▶ _MATERIALS PROVIDED_
· · ·
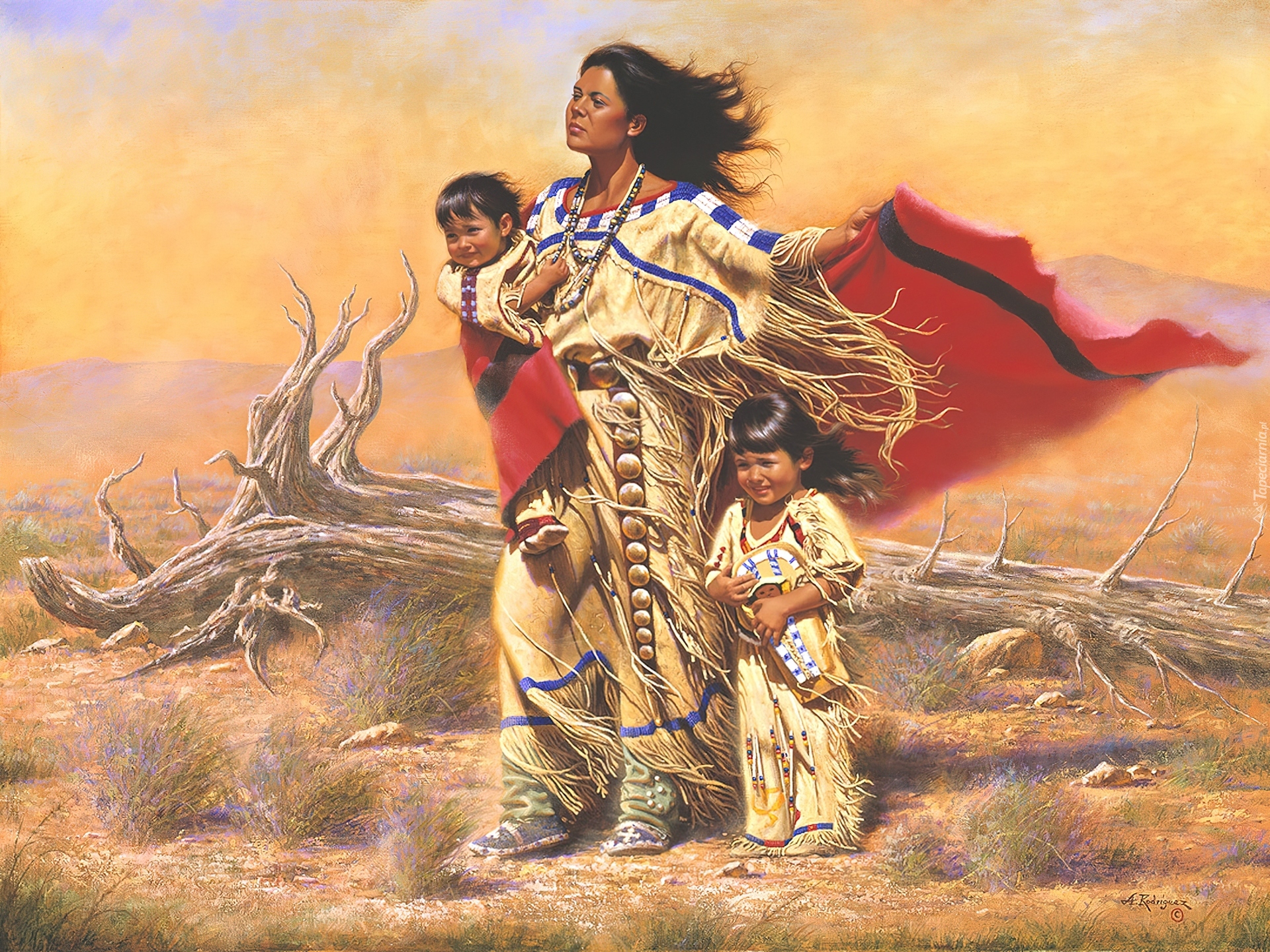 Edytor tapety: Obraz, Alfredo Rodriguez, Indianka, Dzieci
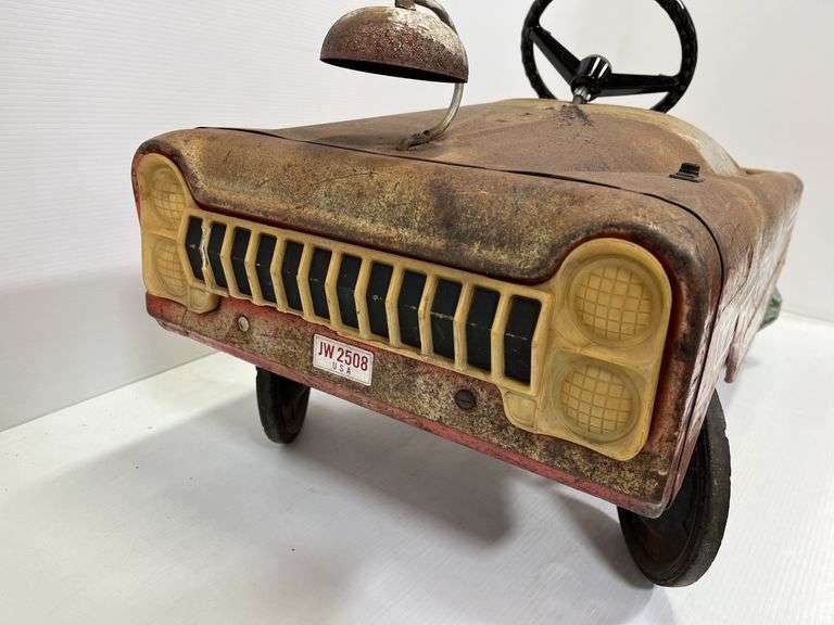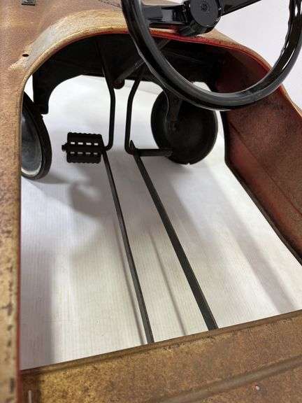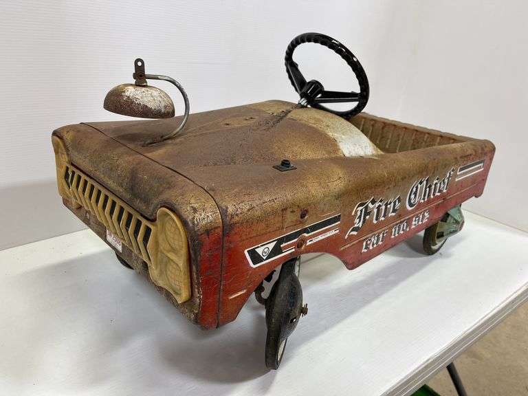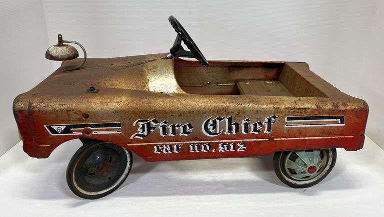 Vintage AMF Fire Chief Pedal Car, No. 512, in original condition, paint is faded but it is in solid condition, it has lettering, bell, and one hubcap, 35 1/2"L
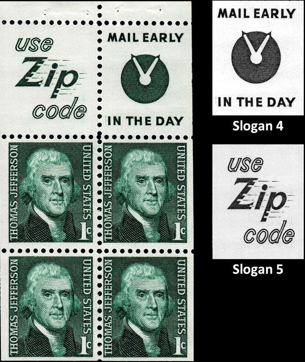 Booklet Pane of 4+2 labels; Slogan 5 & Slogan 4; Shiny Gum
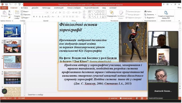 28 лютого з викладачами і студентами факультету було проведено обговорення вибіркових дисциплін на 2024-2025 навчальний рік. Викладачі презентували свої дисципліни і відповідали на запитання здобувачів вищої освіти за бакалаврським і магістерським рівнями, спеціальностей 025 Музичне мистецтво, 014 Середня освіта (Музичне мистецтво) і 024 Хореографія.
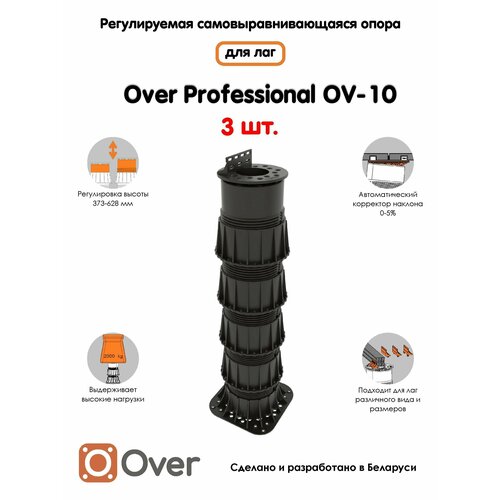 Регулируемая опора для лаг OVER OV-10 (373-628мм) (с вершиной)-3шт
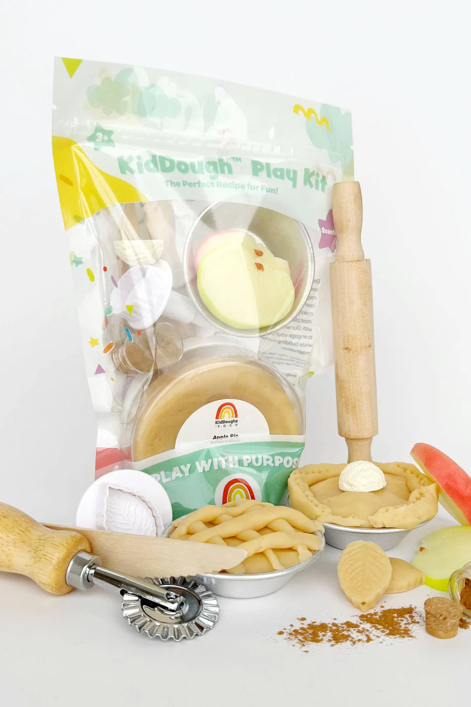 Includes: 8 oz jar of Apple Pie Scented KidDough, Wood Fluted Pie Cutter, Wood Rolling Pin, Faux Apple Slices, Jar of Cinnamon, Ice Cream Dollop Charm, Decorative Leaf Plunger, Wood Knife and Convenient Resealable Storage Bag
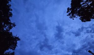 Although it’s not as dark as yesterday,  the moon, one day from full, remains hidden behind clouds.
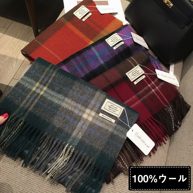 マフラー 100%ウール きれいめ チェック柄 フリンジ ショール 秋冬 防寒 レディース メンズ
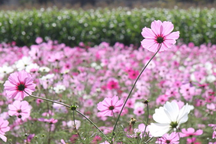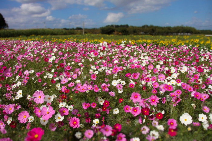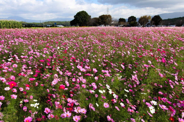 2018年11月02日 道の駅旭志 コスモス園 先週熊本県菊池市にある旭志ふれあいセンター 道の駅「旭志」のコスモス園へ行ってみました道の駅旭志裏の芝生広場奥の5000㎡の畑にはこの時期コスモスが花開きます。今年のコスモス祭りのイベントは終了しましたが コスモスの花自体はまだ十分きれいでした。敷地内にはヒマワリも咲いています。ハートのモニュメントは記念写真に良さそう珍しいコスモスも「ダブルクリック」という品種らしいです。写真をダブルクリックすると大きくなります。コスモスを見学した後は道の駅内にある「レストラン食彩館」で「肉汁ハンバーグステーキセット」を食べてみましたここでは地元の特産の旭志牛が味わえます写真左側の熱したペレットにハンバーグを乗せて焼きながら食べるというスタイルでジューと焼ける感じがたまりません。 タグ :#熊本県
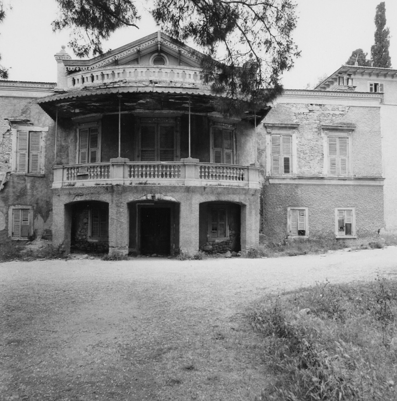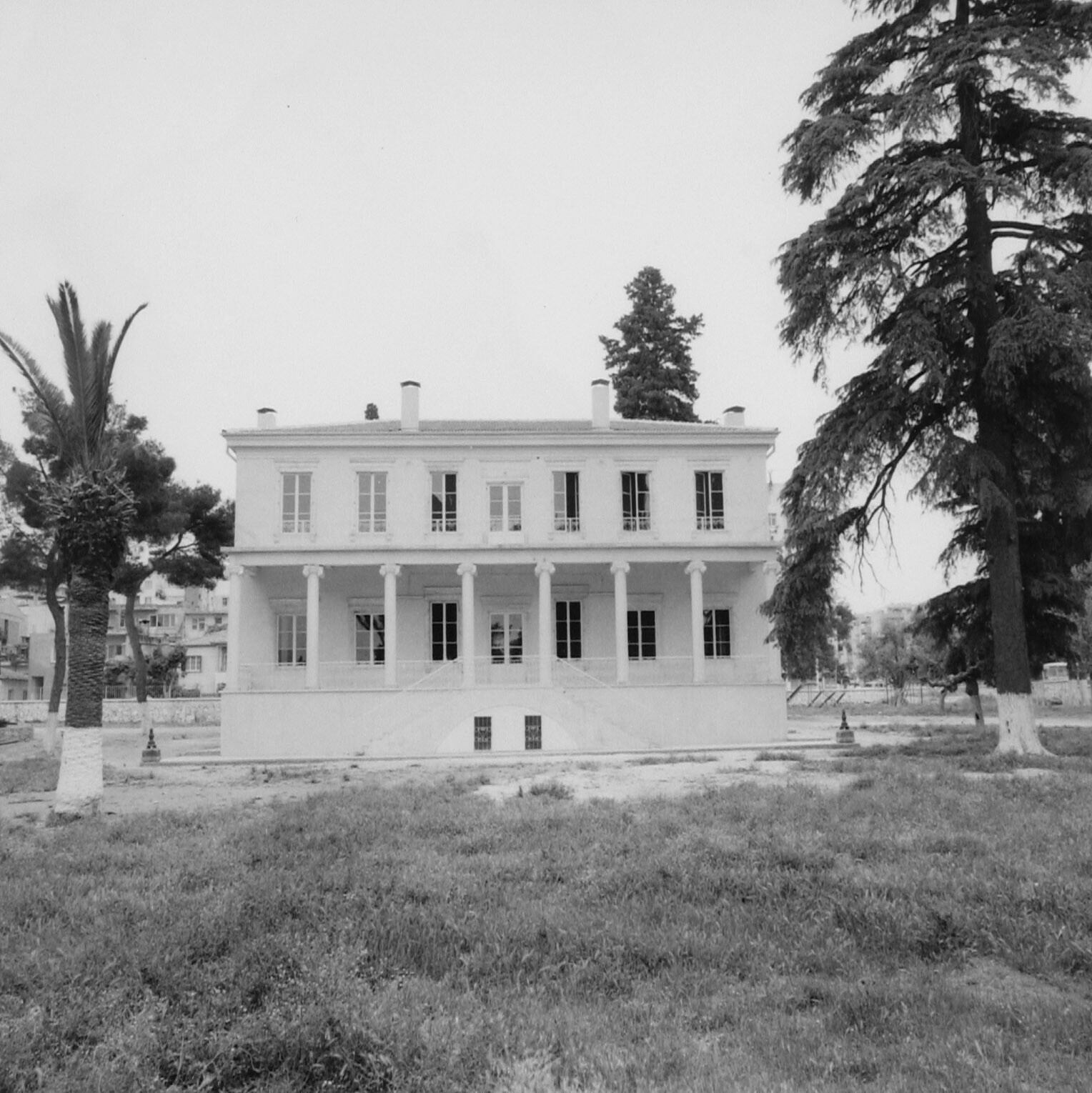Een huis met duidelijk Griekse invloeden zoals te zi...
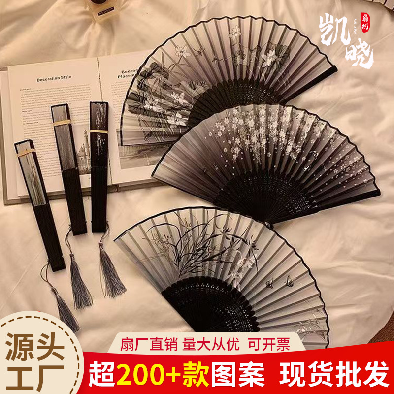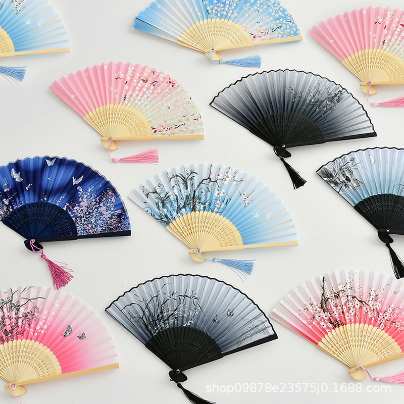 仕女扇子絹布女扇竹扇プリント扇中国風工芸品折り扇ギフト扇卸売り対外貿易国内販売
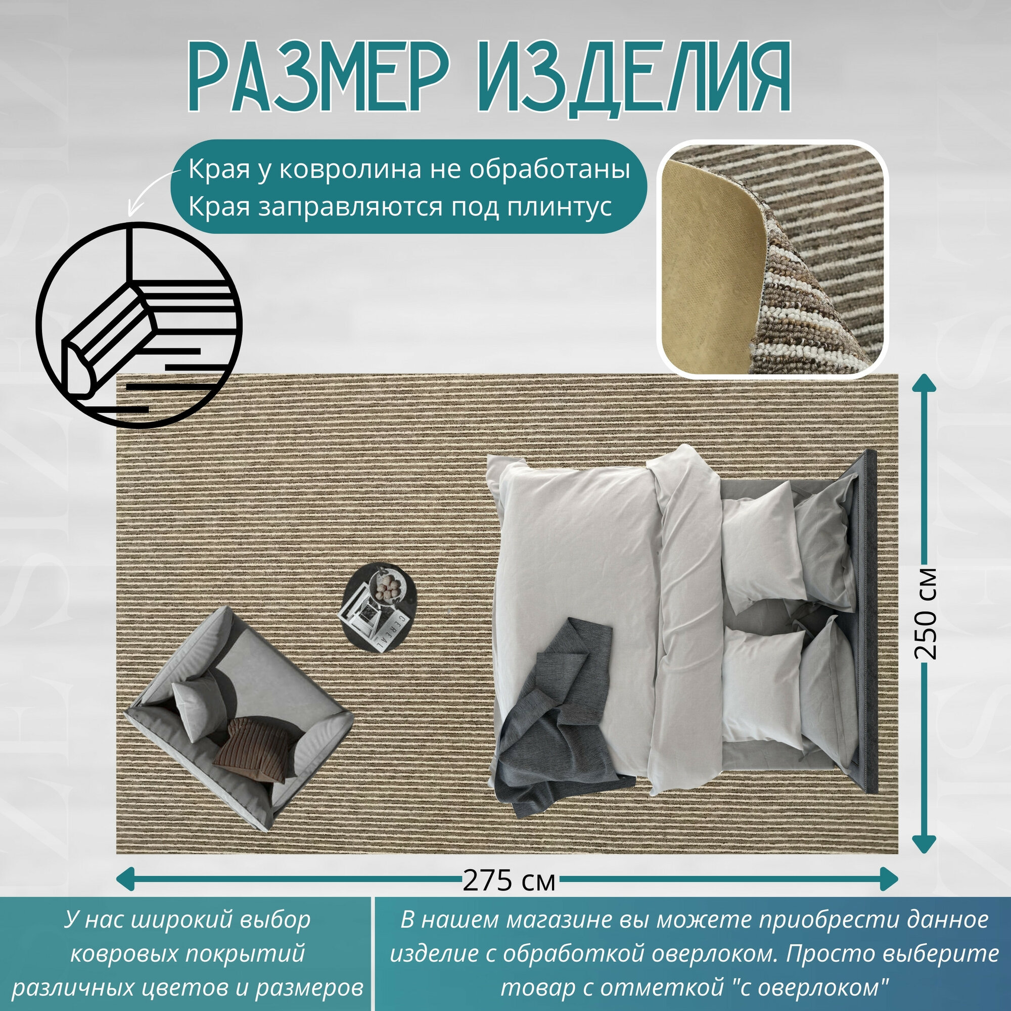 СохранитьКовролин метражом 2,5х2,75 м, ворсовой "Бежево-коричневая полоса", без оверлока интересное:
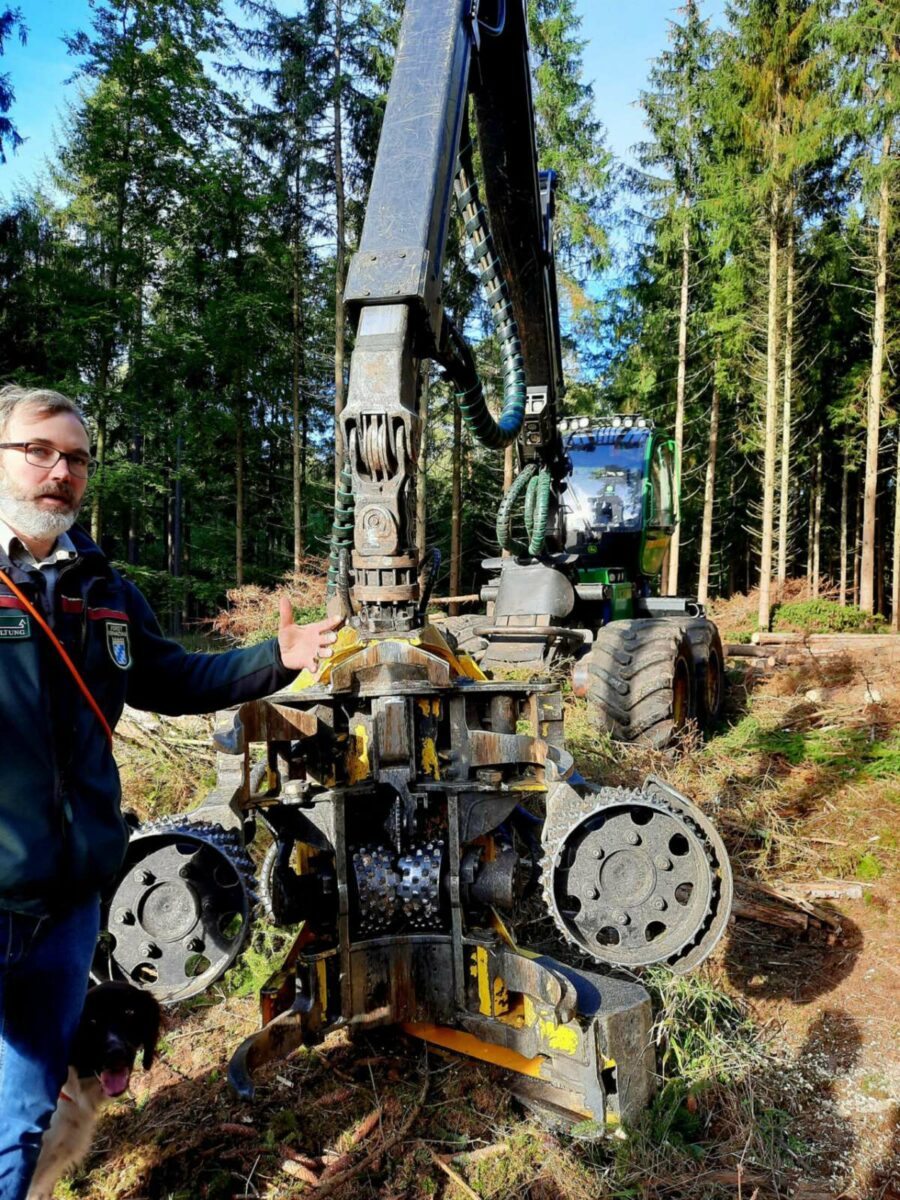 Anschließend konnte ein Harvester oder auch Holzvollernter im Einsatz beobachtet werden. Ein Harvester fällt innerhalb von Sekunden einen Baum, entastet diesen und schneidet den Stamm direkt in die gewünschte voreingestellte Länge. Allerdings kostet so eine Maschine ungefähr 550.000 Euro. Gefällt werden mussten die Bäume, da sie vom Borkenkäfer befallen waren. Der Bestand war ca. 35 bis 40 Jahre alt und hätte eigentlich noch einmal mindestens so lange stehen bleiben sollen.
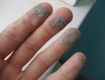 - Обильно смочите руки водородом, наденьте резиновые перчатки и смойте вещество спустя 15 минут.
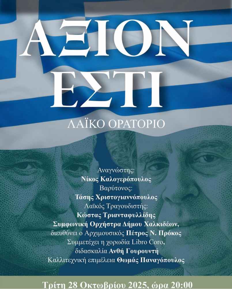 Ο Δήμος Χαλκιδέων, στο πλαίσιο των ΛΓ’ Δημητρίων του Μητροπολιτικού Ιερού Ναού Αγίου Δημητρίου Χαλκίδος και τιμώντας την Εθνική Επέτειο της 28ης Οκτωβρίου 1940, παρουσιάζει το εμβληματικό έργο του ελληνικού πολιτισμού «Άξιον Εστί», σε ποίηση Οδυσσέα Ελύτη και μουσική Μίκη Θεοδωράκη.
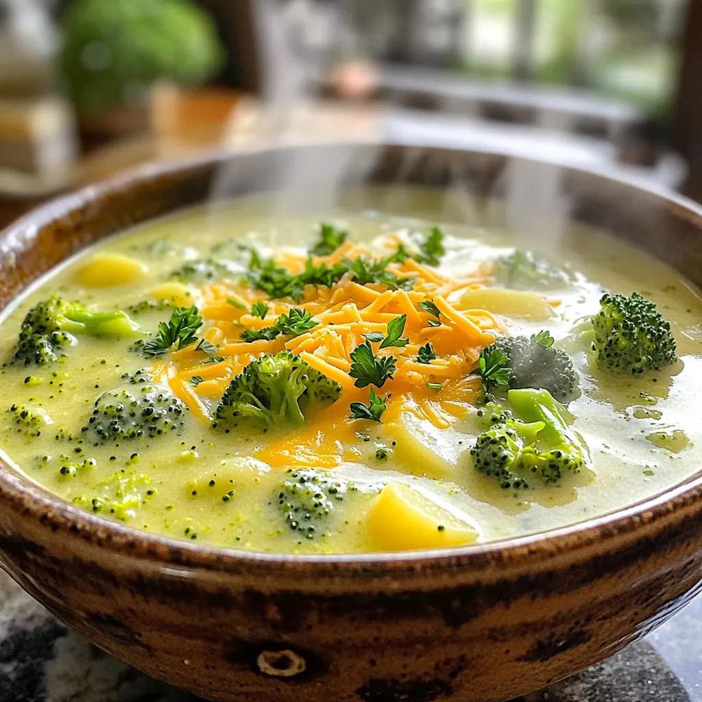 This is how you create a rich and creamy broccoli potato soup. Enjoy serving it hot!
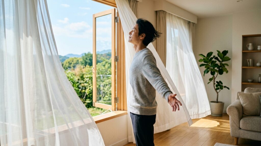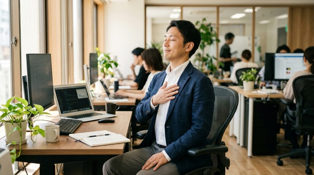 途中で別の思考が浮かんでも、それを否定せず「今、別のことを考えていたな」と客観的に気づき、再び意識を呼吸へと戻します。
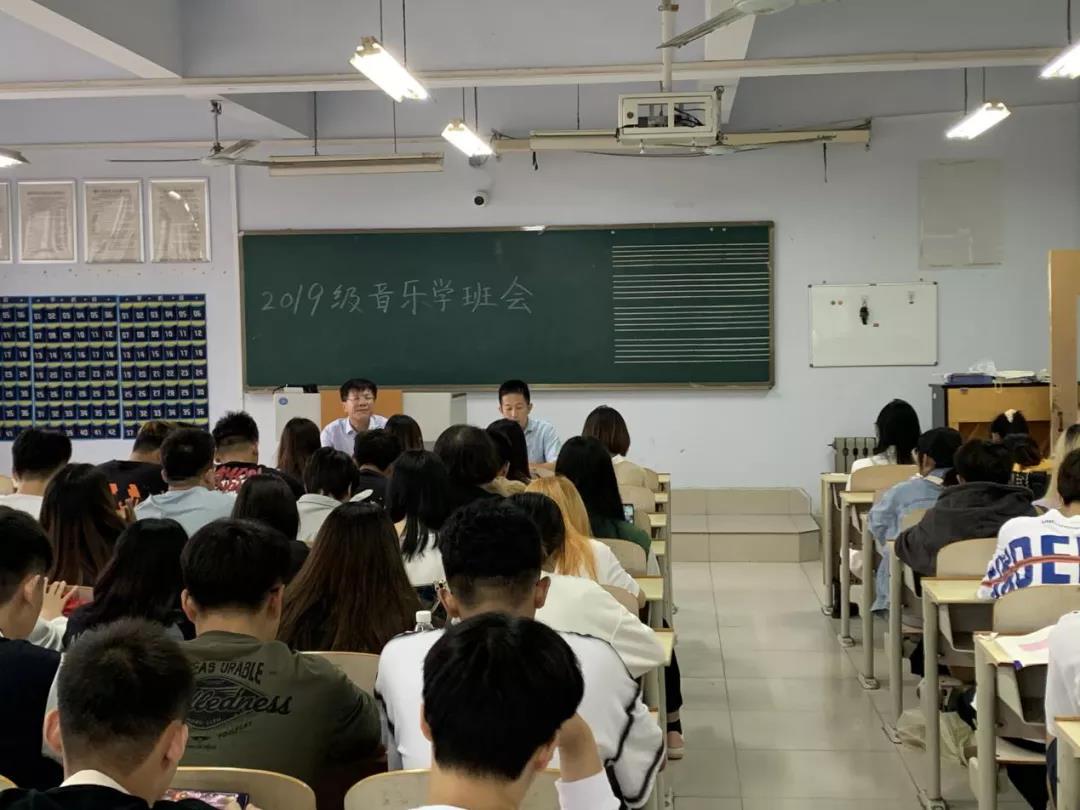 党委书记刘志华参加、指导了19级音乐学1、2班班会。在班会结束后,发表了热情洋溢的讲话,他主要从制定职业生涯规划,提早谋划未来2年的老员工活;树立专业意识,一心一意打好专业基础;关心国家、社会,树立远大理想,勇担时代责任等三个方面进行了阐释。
· · ·
Nothing but the lines from the line containing "СохранитьКовролин метражом 2,5х2,75" through the last line of the listing above should appear, output exactly, with no pictures.

▶ _WRITTEN REPLY_
 СохранитьКовролин метражом 2,5х2,75 м, ворсовой "Бежево-коричневая полоса", без оверлока интересное:
 Anschließend konnte ein Harvester oder auch Holzvollernter im Einsatz beobachtet werden. Ein Harvester fällt innerhalb von Sekunden einen Baum, entastet diesen und schneidet den Stamm direkt in die gewünschte voreingestellte Länge. Allerdings kostet so eine Maschine ungefähr 550.000 Euro. Gefällt werden mussten die Bäume, da sie vom Borkenkäfer befallen waren. Der Bestand war ca. 35 bis 40 Jahre alt und hätte eigentlich noch einmal mindestens so lange stehen bleiben sollen.
 - Обильно смочите руки водородом, наденьте резиновые перчатки и смойте вещество спустя 15 минут.
 Ο Δήμος Χαλκιδέων, στο πλαίσιο των ΛΓ’ Δημητρίων του Μητροπολιτικού Ιερού Ναού Αγίου Δημητρίου Χαλκίδος και τιμώντας την Εθνική Επέτειο της 28ης Οκτωβρίου 1940, παρουσιάζει το εμβληματικό έργο του ελληνικού πολιτισμού «Άξιον Εστί», σε ποίηση Οδυσσέα Ελύτη και μουσική Μίκη Θεοδωράκη.
 This is how you create a rich and creamy broccoli potato soup. Enjoy serving it hot!
 途中で別の思考が浮かんでも、それを否定せず「今、別のことを考えていたな」と客観的に気づき、再び意識を呼吸へと戻します。
 党委书记刘志华参加、指导了19级音乐学1、2班班会。在班会结束后,发表了热情洋溢的讲话,他主要从制定职业生涯规划,提早谋划未来2年的老员工活;树立专业意识,一心一意打好专业基础;关心国家、社会,树立远大理想,勇担时代责任等三个方面进行了阐释。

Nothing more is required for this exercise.